Give again, exactly as written, the lines of the records below from the line with "Distantier patrat, bronz" to the line with "또한, 그동안 국가유산". Both end lines count; pictures do not.

• Records provided
BEGIN
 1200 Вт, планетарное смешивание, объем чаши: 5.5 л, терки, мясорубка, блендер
END
BEGIN
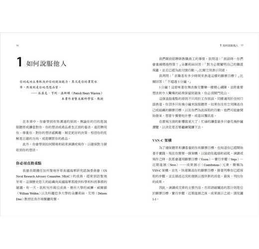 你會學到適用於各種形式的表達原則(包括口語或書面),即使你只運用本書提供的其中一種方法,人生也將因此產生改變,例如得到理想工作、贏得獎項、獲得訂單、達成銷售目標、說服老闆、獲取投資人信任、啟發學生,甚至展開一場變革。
END
BEGIN
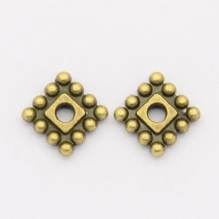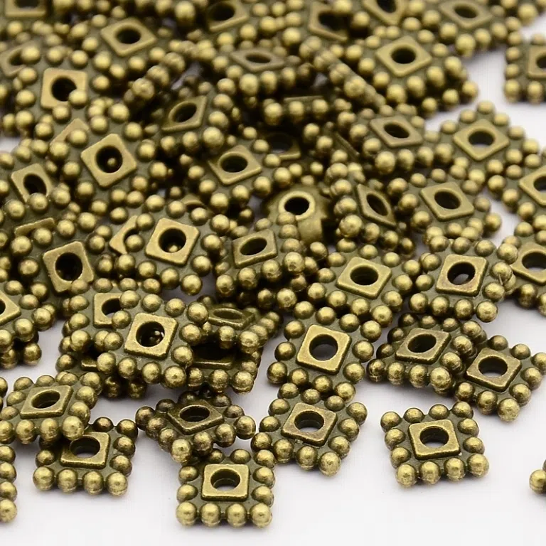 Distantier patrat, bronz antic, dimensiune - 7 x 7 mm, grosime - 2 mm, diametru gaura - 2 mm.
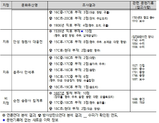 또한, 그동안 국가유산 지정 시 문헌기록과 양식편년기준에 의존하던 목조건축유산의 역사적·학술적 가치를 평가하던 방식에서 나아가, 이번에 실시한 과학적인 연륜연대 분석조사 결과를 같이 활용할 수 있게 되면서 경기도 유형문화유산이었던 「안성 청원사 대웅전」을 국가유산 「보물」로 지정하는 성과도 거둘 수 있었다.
END
• Answer
 Distantier patrat, bronz antic, dimensiune - 7 x 7 mm, grosime - 2 mm, diametru gaura - 2 mm.
 또한, 그동안 국가유산 지정 시 문헌기록과 양식편년기준에 의존하던 목조건축유산의 역사적·학술적 가치를 평가하던 방식에서 나아가, 이번에 실시한 과학적인 연륜연대 분석조사 결과를 같이 활용할 수 있게 되면서 경기도 유형문화유산이었던 「안성 청원사 대웅전」을 국가유산 「보물」로 지정하는 성과도 거둘 수 있었다.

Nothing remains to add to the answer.